Уже во время работы над «Вертером» я понимал, как был облагодетельствован художник, которому предоставили право и возможность выискивать подходящие черты для его Венеры у многих красавиц; посему и я позволил себе создать свою Лотту из обличий и свойств многих прелестниц, хотя главные черты и были мной позаимствованы у любимейшей. Итак, любопытствующая публика открывала в ней сходство со многими женщинами, да и сами женщины не были вполне равнодушны к вопросу: кто из них настоящая? Эти многоразличные Лотты причиняли мне бесконечные мучения, потому что каждый, едва взглянув на меня, требовал решительного ответа: где проживает настоящая? Подобно Натану, я пытался выйти из положения с помощью трех колец, но этот способ, может быть, и подобающий высшим существам, не мог удовлетворить ни верующих, ни читающую публику. Я надеялся, что через некоторое время избавлюсь от назойливых расспросов, но меня донимали ими всю мою жизнь. Чтобы спастись от них, я путешествовал инкогнито, но и это не всегда помогало. Итак, если автор пресловутой книжечки и совершил нечто неправедное и недоброе, то он был за это достаточно, даже чрезмерно наказан неотступной назойливостью публики.
Теснимый и преследуемый, он убедился, что писатели и публика разделены бездонной пропастью, хотя, к счастью, ни те, ни другие об этом не подозревают. Отсюда он сделал вывод, что все предисловия бесполезны, ибо чем больше ты стараешься прояснить свои намерения, тем больше сумятицы производишь. Далее: о чем бы автор ни распространялся в предисловии, публика все равно будет предъявлять ему те самые требования, которые он как раз и пытался отклонить. С другим подобным же свойством читателей, особенно комичным в тех, что печатают свои отзывы, мне тоже рано довелось познакомиться. Им представляется, будто писатель, создав свое произведение, становится их должником, при этом изрядно поотставшим от того, о чем им мечталось и думалось, хотя они, еще совсем недавно, даже понятия не имели, что нечто подобное где-либо существует или может существовать. Так или иначе, но величайшим счастьем или несчастьем было то, что каждый стремился побольше узнать об этом оригинальном молодом сочинителе, выступившем столь смело и неожиданно. Всем хотелось его видеть, говорить с ним, что-нибудь — пусть из третьих рук — о нем разузнать. Изо дня в день он должен был терпеть наплыв посетителей, иногда приятных, иногда его раздражавших, но всегда и во всех случаях отрывавших его от работы. А работы был у него непочатый край. На несколько лет хватило бы у него дела, если бы он мог предаться ему с прежней любовью; но из тиши и сумерек, благоприятствующих созданию чистых произведений искусства, он был выведен на дневной свет, где человек теряется в шумной толпе, где сочувствие сбивает с толку не меньше, чем равнодушие, хвала не меньше, чем хула, ибо внешние связи никогда не совпадают с эпохами нашего внутреннего роста и потому, не споспешествуя нам, не могут нам не вредить.

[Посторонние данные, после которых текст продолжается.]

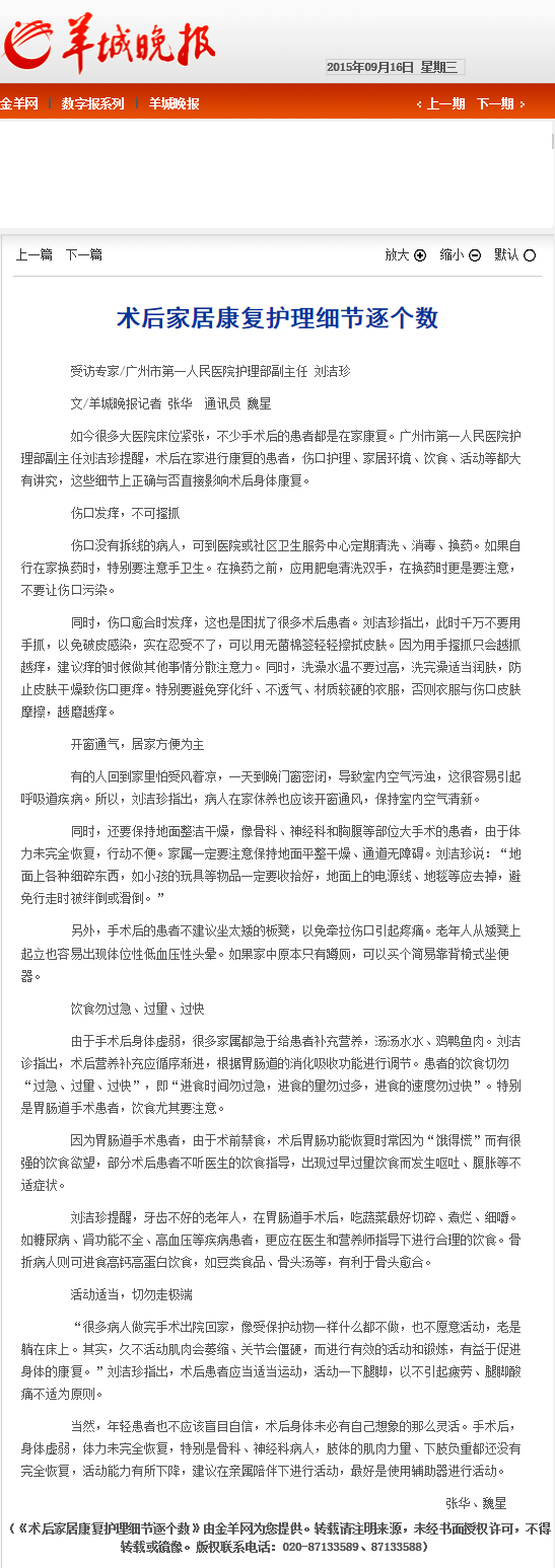 《羊城晚报》:术后家居康复护理细节逐个数 2015年9月16日A20版

Но еще больше, чем дневная суета, автора отдаляла от обработки и завершения больших замыслов страсть, охватившая тогдашнее общество: драматизировать все сколько-нибудь значительное из того, что случалось в жизни. Здесь надо было бы, пожалуй, разобраться, что означал этот термин «драматизировать», сделавшийся в нашем кругу столь обиходным. В оживленном общении, развеселясь, мы привыкли в коротких импровизированных пьесках растрачивать все, что в другое время сберегли бы для более крупных композиций. Какое-нибудь мелкое происшествие, удачное или наивно-нелепое словцо, забавное недоразумение, кем-то брошенный парадокс, остроумное замечание, особенности или привычки кого-нибудь из нас, даже кем-то состроенная многозначительная мина, — словом, все, что на каждом шагу встречается в пестрой и шумной жизни, катехизировалось, превращалось в диалог, в подвижное действие, в зрелище, разыгранное в прозе, но чаще в стихах.
Эти остроумные и темпераментные выходки свидетельствовали о присущей нам драматической жилке и театральном мышлении. События, лица, предметы оставались для нас такими, какими они были во всех своих взаимосвязях, мы только старались ясно понять их и живо изобразить. Любое суждение, одобрительное или неодобрительное, должно было в подвижной форме проходить перед глазами зрителя. Эти наши творения можно было бы назвать живыми эпиграммами — не столько колкими и язвительными, сколько изобиловавшими меткими и точными черточками. «Ярмарка» является своего рода сборником подобных эпиграмм. Маски, действующие в ней, — все члены нашего тогдашнего общества или лица, до некоторой степени с нами связанные и достаточно нам знакомые, но кто при этом имелся в виду, для большинства оставалось загадкой: смеялись все, но лишь немногие знали, что смеются над собственными характерами и недостатками. «Пролог к новейшим откровениям Бардта» — это уже нечто иное; самые мелкие вещицы, написанные в этом роде, помещены в моих смешанных стихотворениях, другие забыты и потеряны, некоторые из сохранившихся не очень-то пригодны для печати. Но и то, что было мною тогда обнародовано, достаточно взбудоражило публику и еще больше возбудило любопытство по отношению к автору; те же из сочиненных тогда вещиц, что распространялись в списках, оживили наш тесный круг, кстати сказать, все расширявшийся. Доктор Бардт, в то же время живший в Гисене, посетил меня, был внешне весьма учтив и простодушен, сам шутил над «Прологом» и выразил желание завязать со мною дружеские отношения. Но мы, молодежь, не угомонились и на каждой пирушке продолжали злорадно высмеивать слабости наших современников, которые навострились подмечать и пародировать.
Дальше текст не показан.